Saturated fatty acids: eat or avoid them?
To be clear, we’re talking about dietary saturated fatty acids.
I emphasize this point because the effects of SFAs that we make from the foods we eat have different effects on our health than the SFAs we eat . Dietary SFAs are present in high quantities in meats and fish .
The advice to avoid SFAs is decades and decades old and is strongly endorsed by prestigious institutions like the Harvard School of Public Health .
It’s one of the most pervasive, harmful myths in all of nutrition science. The notion that saturated fatty acids are inherently harmful belongs to the Nutritional Dark Ages.
What about fats my body makes?
Although counter-intuitive, the amount of saturated fatty acids in your diet isn’t proportional to the amount in your blood. In other words, you aren’t what you eat but what you make from what you eat. The ever-clever researchers Phinney & Volek et al.  summarize this by saying:
“The results show that dietary and plasma saturated fat are not related […]”

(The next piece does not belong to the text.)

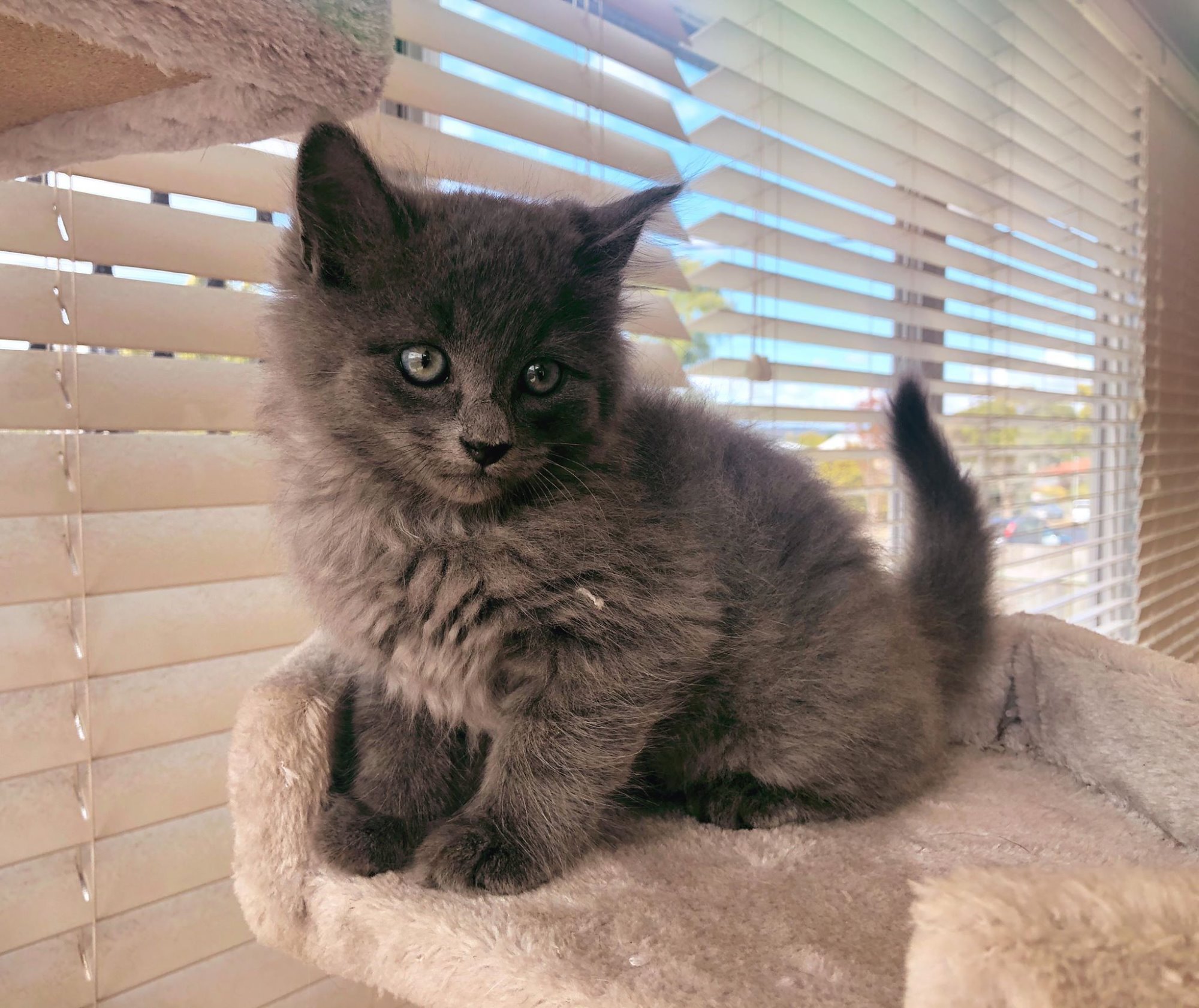 Ambrose is 6 weeks of age so ready in a few weeks ... He is Russian Blue X Persian so fluffy and requires brushing once a week ... He is a social boy and will fit all homes .. Holding deposit is required ... LOCATION TOOWOOMBA ... carolangelsrescue@gmail.com for more info

The next part of that quote makes a crucial point:
“[…] increasing dietary carbohydrate across a range of intakes promotes incremental increases in plasma palmitoleic acid, a biomarker consistently associated with adverse health outcomes.”
The more carbohydrates you eat, the more palmitoleic acid you find circulating in your plasma (plasma is component of blood). However, we don’t yet know how the type of carbohydrates you eat affects that relationship.
The fat mentioned here, palmitoleic acid, is a type of monounsaturated fat (MUFA). It’s presence, especially in higher quantities, isn’t a good sign due to it being associated with negative health outcomes.